Step 5: Then use below code to connect

# Placeholders for Azure SQL Database connection info
server_name = "your_server_name.database.windows.net"
port_number = 1433  # Default port number for SQL Server
database_name = "your_database_name"
table_name = "YourTableName" # Database table
client_id = "YOUR_CLIENT_ID"  # Service principal client ID
client_secret = "YOUR_CLIENT_SECRET"  # Service principal client secret
tenant_id = "YOUR_TENANT_ID"  # Azure Active Directory tenant ID


# Build the Azure SQL Database JDBC URL with Service Principal (Active Directory Integrated)
jdbc_url = f"jdbc:sqlserver://{server_name}:{port_number};database={database_name};encrypt=true;trustServerCertificate=false;hostNameInCertificate=*.database.windows.net;loginTimeout=30;Authentication=ActiveDirectoryIntegrated"
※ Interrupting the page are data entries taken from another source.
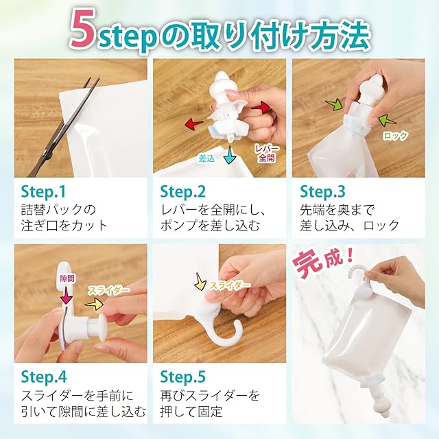 今まで面倒だった詰め替え作業がなくなりました。 詰め替えパックを簡単セットするだけでそのまま使えます。 シャンプーリンスなどの詰め替えパックに取り付けることで使用することができます。 逆止弁構造で、空気の逆流を防ぎ酸化防止になります。 真空状態を保つことで、雑菌の繁殖を防ぎます。 ぶら下げて使うことで、最後の最後まで洗剤を使えます。 ■特長 ・ホルダーとポンプを詰め替えパックにセットするだけで、そのまま使用できます。 ・今まで面倒だった詰め替え作業がないので、取り付けたらそのままサッと使用できます。 ・ボトルを使わなくてすむので、お風呂場がスッキリします。 ・詰め替えの手間(洗浄・乾燥・補充)がない。 ・取り付け、取り外しは、簡単ワンタッチ。・片手で適量が抽出でき、赤ちゃんとの入浴時にも便利です。 ■使用方法 (1)詰め替え用パックの出口を1.5〜2cmの幅になるようにカットします。 (2)レバーを開いたポンプを根元までしっかり差し込んでください。 (3)レバーを閉じて固定します。 (4)ホルダーのスライダーを手前に引き、詰め替えパックの端をはさんで 再びスライダーを押して固定して吊るすだけ。 (5)ポンプを押して使用できます。 ■ポンプの取り付け方 ・通常のパックは出口をカットしてから取り付けて下さい。 出口がパイプ形状の場合にはその部分を切り取らずに、 反対側をハサミで切って下さい。(開口部寸法15-20mm) ※カット面はクリップの根元まできちんと差し込んで下さい。 ・詰め替えパックの出口がネジタイプの場合にはクリップ部をポンプから外し、 ポンプを直接ネジに取り付けてご使用下さい。 なおネジが合わない場合には蓋は締めたまま、反対側をハサミで切って取り付けて下さい。 ・詰め替えパックの開口部が20mm以上ある場合や、 詰め替えパックの形状が特殊な場合は、使用できないこともあります。 ・ご使用中に液漏れした場合は、 ここまでの説明に従ってポンプをセットし直して下さい。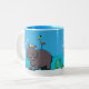 Cute funny hippopotamus with bird cartoon Two-Tone coffee mug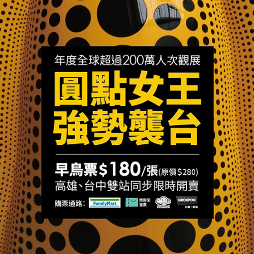 日本重量級藝術家草間彌生在台首次個展,2015年在高雄與台中兩地登場,涵蓋草間橫跨60年的創作與新作,是台灣草間彌生空前個展。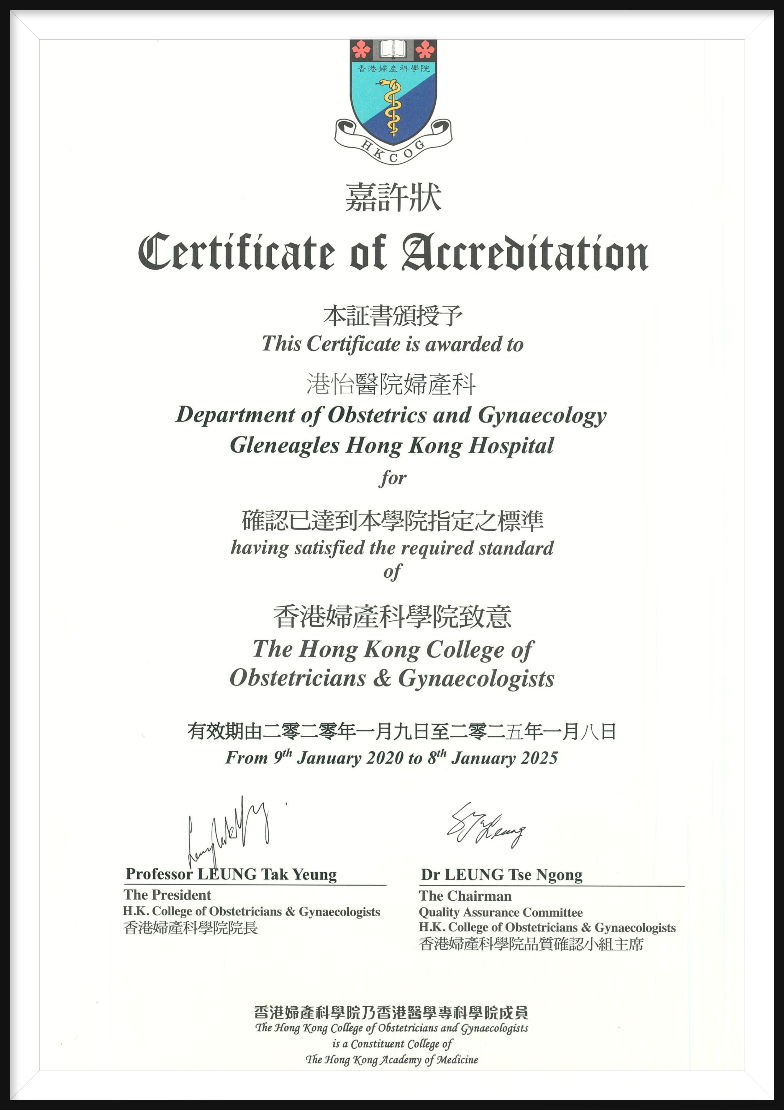 Our Obstetrics and Gynaecology service has recently been awarded the Certificate of Accreditation by the Hong Kong College of Obstetricians & Gynaecologists, making GHK one of the 14 public and private hospitals in Hong Kong that have achieved the accreditation.

# Properties for the JDBC connection
properties = {
    "user": client_id, 
    "password": client_secret,  
    "driver": "com.microsoft.sqlserver.jdbc.SQLServerDriver",
    "tenantId": tenant_id  
}

# Read entire table from Azure SQL Database using AAD Integrated authentication
sql_df = spark.read.jdbc(url=jdbc_url, table=table_name, properties=properties)

# Show the Azure SQL DataFrame
sql_df.show()

Hope this is helpful. Please feel free incase of further queries.